OBUSight: Clinically Aligned Generative AI for Ophthalmic Ultrasound Interpretation and Diagnosis.
Authors
Affiliations (10)
Affiliations (10)
- State Key Laboratory of Transvascular Implantation Devices of the Second Affiliated Hospital, Zhejiang University School of Medicine, and Transvascular Implantation Devices Research Institute, Hangzhou, China.
- Zhejiang University, Eye Center of Second Affiliated Hospital, School of Medicine, China, Zhejiang Provincial Key Laboratory of Ophthalmology, Zhejiang Provincial Clinical Research Center for Eye Diseases, Zhejiang Provincial Engineering Institute on Eye Diseases, Hangzhou, China.
- Zhongshan Ophthalmic Center, Sun Yat-sen University, WHO Collaborating Centre for Eye Care and Vision, State Key Laboratory of Ophthalmology, Guangdong Provincial Key Laboratory of Ophthalmology and Visual Science, Guangdong Provincial Clinical Research Center for Ocular Diseases, Guangzhou, China.
- Department of Ophthalmology, National University of Singapore, Singapore, Singapore.
- Singapore Eye Research Institute, Singapore National Eye Centre, Singapore, Singapore.
- Centre for Innovation and Precision Eye Health, National University of Singapore, Singapore, Singapore.
- Division of Pharmacoepidemiology and Pharmacoeconomics, Department of Medicine, Brigham and Women's Hospital and Harvard Medical School, Boston, Massachusetts, USA.
- Department of Genetics and Biomedical Informatics, Zhongshan School of Medicine, Institute for Frontier Interdisciplinary Research in Health Sciences and Technology, Sun Yat-sen University, Guangzhou, China.

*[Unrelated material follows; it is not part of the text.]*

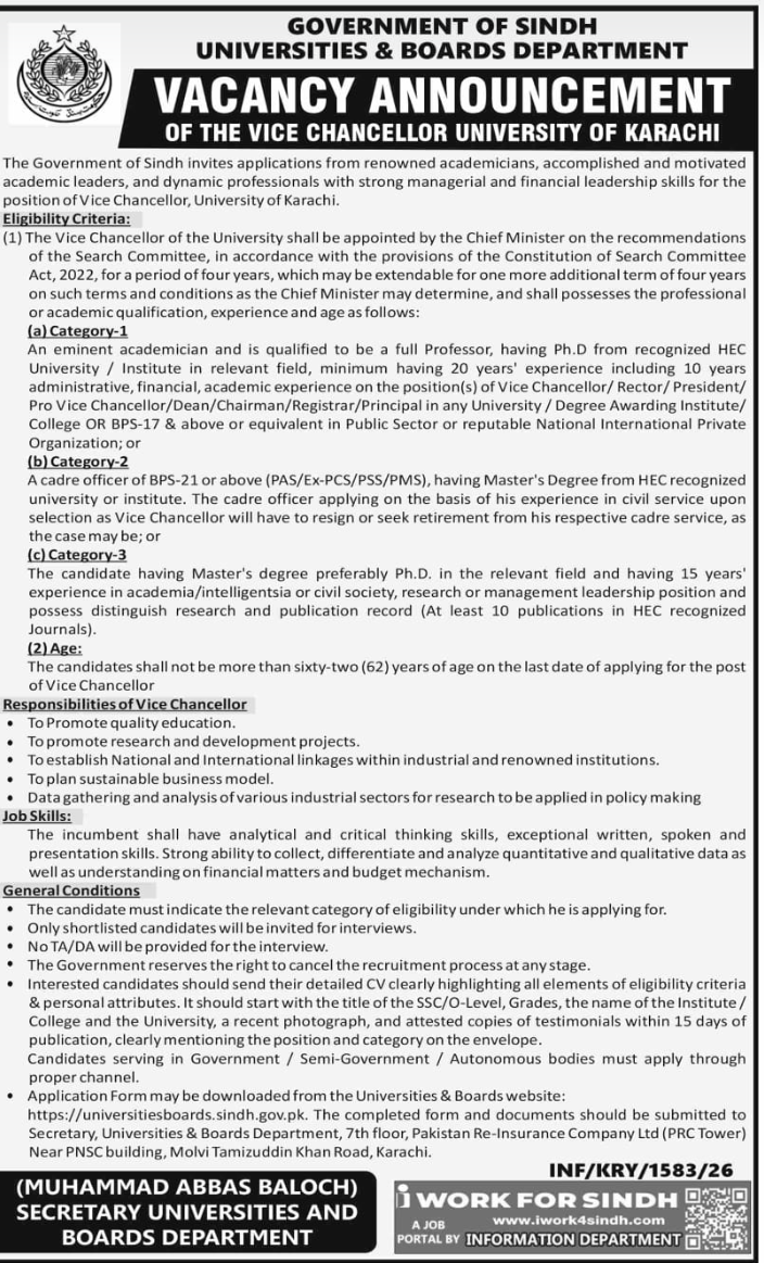 سیکرٹری یونیورسٹی بورڈ اینڈ ایجوکیشن کی جانب سے نئے وائس چانسلر کی تعیناتی کے لیے باضابطہ اشتہار جاری کر دیا گیا ہے، جس میں پروفیسرز اور انتظامی عہدوں پر فائز افسران کے لیے علیحدہ علیحدہ اہلیت مقرر کی گئی ہے۔ امیدواروں کے لیے عمر کی بالائی حد 62 برس مقرر کیے جانے کے بعد کئی ممکنہ نام خود بخود دوڑ سے باہر ہو گئے ہیں۔

- Hainan Eye Hospital and Key Laboratory of Ophthalmology, Zhongshan Ophthalmic Center, Sun Yat-sen University, Guangzhou, China.
- Liangzhu Laboratory and WeDoctor Cloud, Zhejiang Key Laboratory of Medical Imaging Artificial Intelligence, Hangzhou, China.
Abstract
Ocular B-scan ultrasonography (OBU), widely used for diagnosing posterior segment ocular disorders, poses unique challenges for ophthalmologists in image interpretation. In this study, a clinically aligned generative artificial intelligence (AI) model, OBUSight, was proposed to jointly generate reports and diagnose diseases for comprehensive OBU image interpretation. OBUSight was trained and validated on a large multi-center OBU dataset consisting of 39 654 images and 17 586 corresponding reports from 11 381 patients. By evaluating the quality of generated reports using natural language generation (NLG) metrics and clinical efficacy (CE) metrics, OBUSight outperformed eight state-of-the-art models and demonstrated robust performance across multi-center and multimorbidity validation datasets. The expert rating further indicated that OBUSight can provide clinically aligned reports without major corrections. The ancillary role of OBUSight in enhancing diagnostic efficiency was evaluated by providing ophthalmologists, residents, and ophthalmology students with its generated reports and predicted diagnoses during the diagnostic process. In both retrospective and prospective evaluations, OBUSight significantly outperformed residents and ophthalmology students (all p < 0.05), achieved diagnostic performance comparable to ophthalmologists, and reduced diagnostic time. In conclusion, OBUSight represents a promising AI tool for enhancing diagnostic efficiency in ophthalmic ultrasound practice, especially for less experienced clinicians.